[What to produce]:
Beginning with the line that contains "ALAIA SHORT BOOTS", retype the entries below exactly, ending with the line that contains "4月22日,国务院办公厅发布". Leave out any pictures.

[Provided information]:
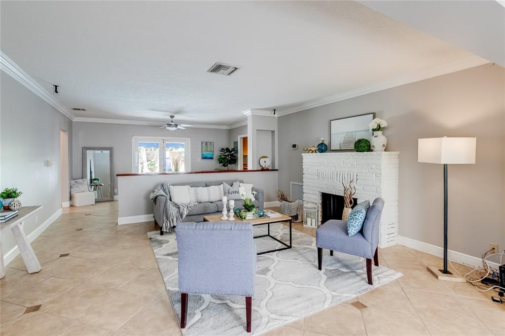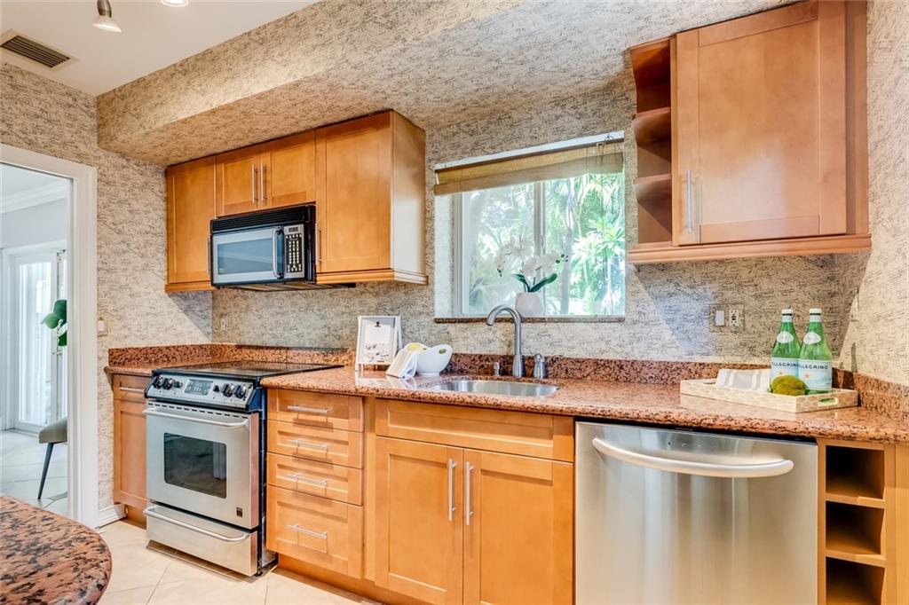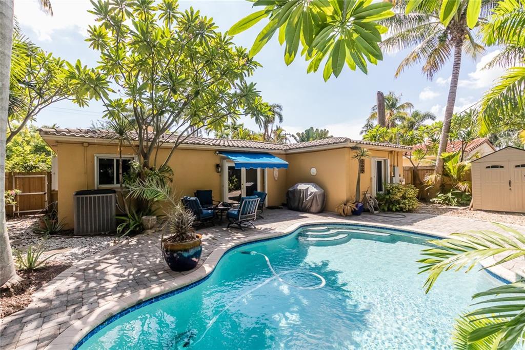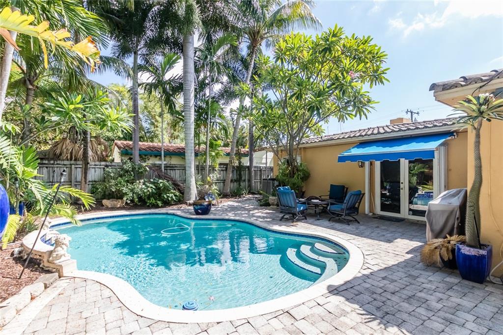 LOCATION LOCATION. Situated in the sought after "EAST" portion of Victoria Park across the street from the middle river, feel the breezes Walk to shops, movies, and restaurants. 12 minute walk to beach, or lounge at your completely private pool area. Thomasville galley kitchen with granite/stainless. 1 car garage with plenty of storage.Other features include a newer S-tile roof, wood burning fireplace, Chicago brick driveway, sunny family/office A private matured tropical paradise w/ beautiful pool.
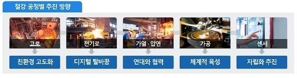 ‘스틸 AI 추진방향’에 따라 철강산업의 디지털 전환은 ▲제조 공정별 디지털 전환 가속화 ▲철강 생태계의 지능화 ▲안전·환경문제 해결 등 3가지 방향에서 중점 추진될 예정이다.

* * *

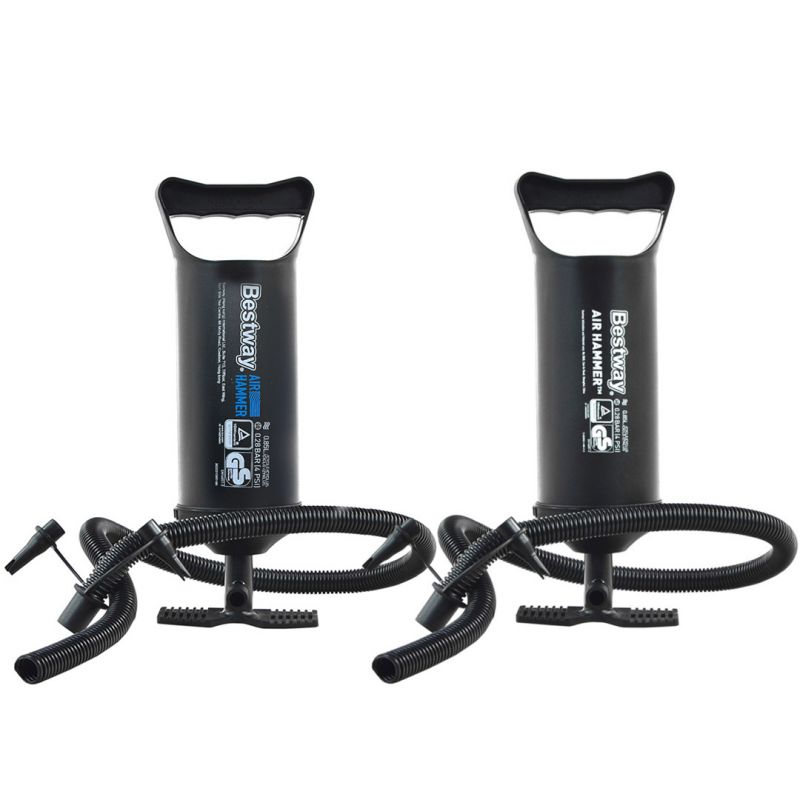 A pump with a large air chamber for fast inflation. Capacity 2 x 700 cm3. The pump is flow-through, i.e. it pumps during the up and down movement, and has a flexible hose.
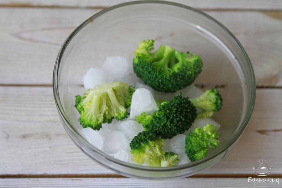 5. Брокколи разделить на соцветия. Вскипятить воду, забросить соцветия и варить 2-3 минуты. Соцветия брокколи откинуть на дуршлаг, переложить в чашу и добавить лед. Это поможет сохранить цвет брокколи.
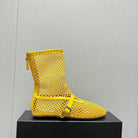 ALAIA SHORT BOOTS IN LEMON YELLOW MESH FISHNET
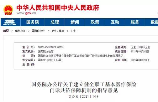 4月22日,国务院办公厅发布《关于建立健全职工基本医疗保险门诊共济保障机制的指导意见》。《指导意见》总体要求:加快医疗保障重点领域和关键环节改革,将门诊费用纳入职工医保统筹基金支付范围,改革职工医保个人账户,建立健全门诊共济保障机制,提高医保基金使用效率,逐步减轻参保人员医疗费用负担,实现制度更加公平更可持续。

--

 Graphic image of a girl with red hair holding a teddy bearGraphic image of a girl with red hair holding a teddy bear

[Answer below]:
 ALAIA SHORT BOOTS IN LEMON YELLOW MESH FISHNET
 4月22日,国务院办公厅发布《关于建立健全职工基本医疗保险门诊共济保障机制的指导意见》。《指导意见》总体要求:加快医疗保障重点领域和关键环节改革,将门诊费用纳入职工医保统筹基金支付范围,改革职工医保个人账户,建立健全门诊共济保障机制,提高医保基金使用效率,逐步减轻参保人员医疗费用负担,实现制度更加公平更可持续。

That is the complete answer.